What had been sacrilege within the temple walls became miracle outside them.
Pilgrims shuffled past incense stalls, their prayers dissolving into the racket of hawkers shouting. Holy charms dangled beside roasted skewers. Half the banners already bore Ken's smirking face—hastily painted and unmistakably his.
Narutama slowed, as if the sudden leap from sacred silence to commercial frenzy was itself an insult.
Ken, meanwhile, looked around with the wide-eyed wonder of a man discovering the commodified species of himself.
The Hero's face was everywhere. Ken's grinning mug smiled down from banners and awnings. Children squealed and ran with paper masks of his face.
An old merchant shouted that his "Ken-brand cabbages" came with a guarantee of heroically fart-free digestion.
And then, the pinnacle: Ken-brand toilet paper. It came in rolls the size of wagon wheels, his signature stamped on every sheet, his face grinning on the packaging like a saint of sanitation.
A vendor shoved a sample into Narutama's hands. "For the hero's friend! Wipe with greatness!"
Narutama stared at the paper. He tried to hand it back. The vendor just shook his head and pointed to a sign: "All returns subject to a 50 Quid restocking fee."
Ken waved a fresh roll of "Kenroll" toilet paper, beaming. "This is it, Fluffy! My legacy!"
Fluffy tilted his head, his wide eyes full of genuine curiosity. "But... isn't this for cleaning?" he asked simply. "Why does it have a face?"

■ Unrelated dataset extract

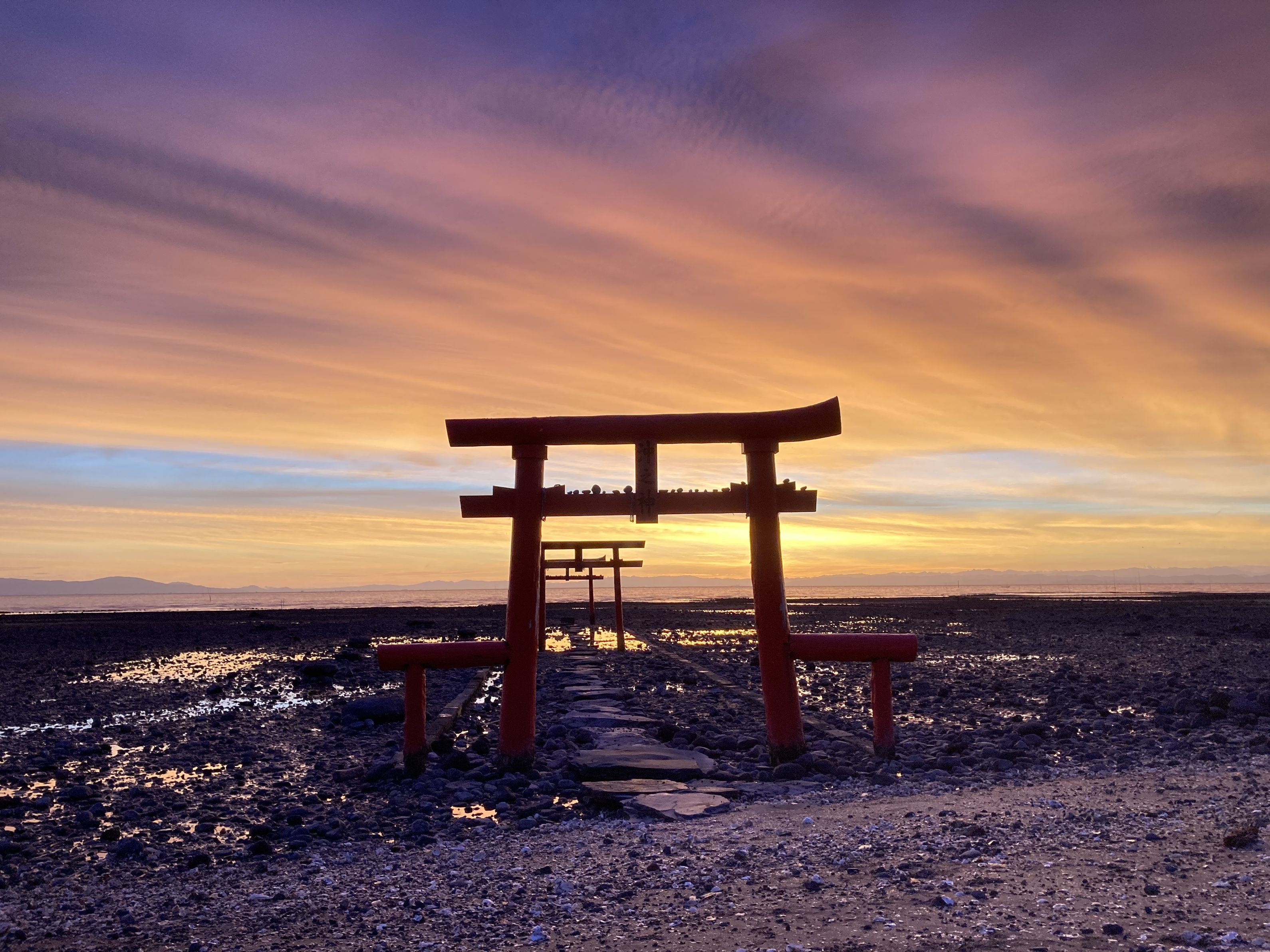 佐賀県の大魚神社の海中鳥居を朝焼け時に撮影しました。 朝特有の空気感と色合いがとても良く撮れました。 雲の表情が良く、タイミングが良かったと思いました。

"Because it's heroic cleaning! You're cleaning with a hero's greatness!"
"Is it more clean if it has a face?" Fluffy asked. "I think the one without a face is also very clean."
Ken opened his mouth, but nothing came out. He blinked, momentarily baffled by the innocent logic.
---
Ken loved it. He flexed, he posed, he autographed an entire stack of rolls while crying about "posterity."
"It's about hygiene," he said, radiating sincerity. "And heroism. Heroic hygiene."
Narutama, however, looked like he'd bitten into spoiled rice. "Fame without merit is emptiness," he muttered.
The crowd began chanting. "Kenroll! Kenroll! Kenroll!" In seconds, the town looked like it had been redecorated by a drunken festival committee armed only with novelty paper. Vendors leaned in on the frenzy with:
· Ken-brand sandals ("Walk heroically, smell questionably"),
· Ken-brand spoon ("For heroic stews only"),
· and Ken-brand mosquito nets ("Even pests bow to Ken").
Ken, basking in it all, declared: "Behold! Even hygiene itself has knelt before my legend!"
Ichiban, holding one roll like a holy relic, whispered reverently, "Soft. Two-ply. Just like his heart."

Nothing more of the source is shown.